2.2 Tegen de overige feiten in de voorzittersbeslissing en de klachtomschrijving
komt (de gemachtigde van) klager in het verzetschrift niet op.
3 FEITEN EN KLACHT
3.1 Voor de vaststaande feiten en de omschrijving van de klacht verwijst de raad
naar de beslissing van de voorzitter.
4 BEOORDELING
4.1 Voordat de raad het verzet inhoudelijk kan beoordelen, moet de raad ambtshalve
vaststellen of het verzet tijdig namens klager is ingediend.
4.2 Op grond van artikel 46 lid 1 Advocatenwet kan klager tegen een beslissing
van de voorzitter binnen dertig dagen na de dag van verzending van het afschrift van
de beslissing verzet doen bij de raad van discipline. Uit de beslissing van de voorzitter
blijkt dat deze op 11 mei 2020 naar partijen is verzonden. Klager kon dus uiterlijk
op 10 juni 2020 zijn verzetschrift bij de griffie van de raad indienen. De gemachtigde
van klager heeft het verzetschrift echter pas op 11 juni 2020 per e-mail bij de griffie
ingediend, en dat is een dag te laat. Klager heeft ter zitting betoogd dat het verzetschrift
tijdig is ingediend omdat de raad de beslissing van de voorzitter op 12 mei 2020 per
e-mail heeft verzonden. Dit betoog volgt de raad niet. De griffie heeft de voorzittersbeslissing
op 11 mei 2020 per aangetekende e-mail naar het bij de raad bekende e-mailadres
van klagers gemachtigde verzonden. Deze e-mail betrof een aankondiging dat er een
e-mail klaarstond die klagers gemachtigde kon ‘opvragen’ door op een bijgaande link
te klikken. Klagers gemachtigde heeft niet direct op 11 mei 2020 maar een dag later,
op 12 mei 2020, op de betreffende link geklikt waardoor hij op 12 mei 2020 de aangetekende
e-mail ontving waarbij de voorzittersbeslissing was gevoegd.

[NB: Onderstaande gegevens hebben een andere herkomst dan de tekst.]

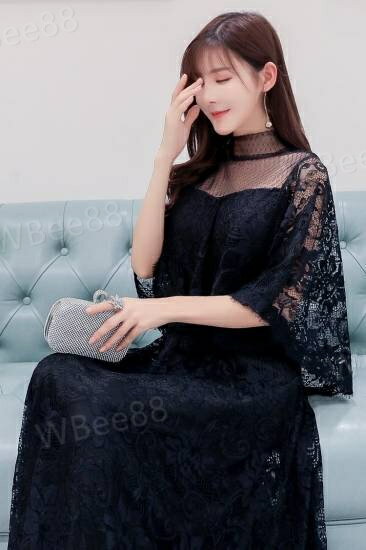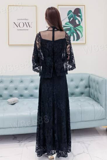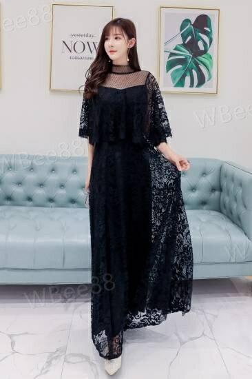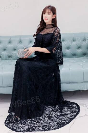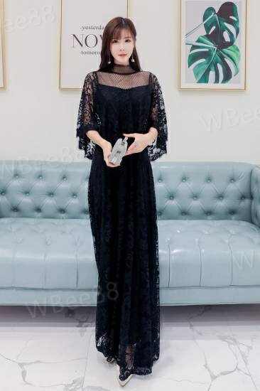 パーテイードレス 個性的 ロング 総レース ケープ風 黒 白 袖あり かっこいい 大きいサイズ 透け感 結婚式 お呼ばれ ドレス 演奏会 ロングドレス マキシ フォーマル きれいめ 韓国 2XL 3XL 4XL 体型カバー ブラックドレス 春 夏 ワンピース 袖付き 発表会 大人ドレス 人気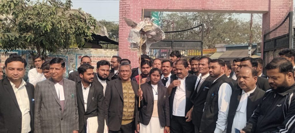 बरेली । बदायूं/उत्तर प्रदेश : अधिवक्ता प्रोटेक्शन एक्ट की मांग को लेकर एक बार फिर अधिवक्ता सड़क पर आ गए। उन्होंने कलेक्ट्रेट के सामने चक्का जाम कर दिया और डीएम का पुतला फूंककर जमकर नारेबाजी की। यह नौबत तब आई जब अधिवक्ता ज्ञापन देने को लेकर डीएम और अधिवक्ताओं के बीच ठन गई। इसके बाद जमकर नारेबाजी और विरोध प्रदर्शन चला । बाद में डीएम ने गेट पर आकर ज्ञापन लिया है। बार काउंसिल के आवाहन पर जिला मुख्यालय पर मंगलवार दोपहर 11 बजे वकील सड़क पर आ गए और कलेक्ट्रेट के सामने सड़क पर जाम लगाकर प्रदर्शन करने लगे। वकीलों द्वारा सुरक्षा सम्बन्धी एक्ट पारित न किए जाने को लेकर पहले भी कई बार जाम लगाकर प्रदर्शन किया जा चुका है। मंगलवार को मांग को लेकर एक बार फिर भारी तादात में वकील सड़क पर आ गए और रोड जामकर प्रदर्शन करने लगे। सूचना मिलते ही नगर मजिस्ट्रेट ब्रजेश कुमार सिंह, सीओ सिटी आलोक मिश्रा तथा भारी तादात में पुलिस फोर्स मौके पर आ गया। वकीलों ने नगर मजिस्ट्रेट व सीओ को लौटा दिया और डीएम को मौके पर बुलाने की मांग करने लगे। अधिवक्ताओं का कहना था कि वह ज्ञापन देने गए तो डीएम गेट के बाहर ज्ञापन लेने नहीं आए। दो घंटे तक यातायात बंद रहा और विरोध प्रदर्शन चला। अधिवक्ताओं ने डीएम का पुतला फूंका और विरोध कर रहे थे। इसी बीच एसएसपी डा0 ओपी सिंह आ गए और अधिवक्ताओं से वार्ता कर शांत किया और डीएम के साथ ज्ञापन लिया तब जाकर अधिवक्ताओं का आक्रोश शांत हुआ।

Dit betekent echter niet
dat voor de verzettermijn moet worden uitgegaan van 12 mei 2020, zoals klager
stelt. Het enkele feit dat klager eerst op 12 mei 2020 de aangetekende e-mail van
de raad van 11 mei 2020 heeft ontsloten, komt voor zijn risico. Deze wijze van aangetekend
e-mailen is eerder door het Hof van Discipline geaccepteerd (zie Hof van Discipline,
1 maart 2021, ECLI:NL:TAHVD:2021:44).
4.3 Uit het bovenstaande volgt dat de raad niet toekomt aan een inhoudelijke beoordeling
van het verzet, omdat het verzetschrift te laat is ingediend. De raad zal het verzet
dan ook niet-ontvankelijk verklaren.
BESLISSING
De raad van discipline verklaart het verzet in beide zaken niet-ontvankelijk.
Aldus beslist door mr. J.H. Dubois, voorzitter, mrs. M.W. Schüller en C.C. Horrevorts, leden, bijgestaan door mr. A.E. van Oost als griffier en uitgesproken ter openbare zitting van 15 november 2021.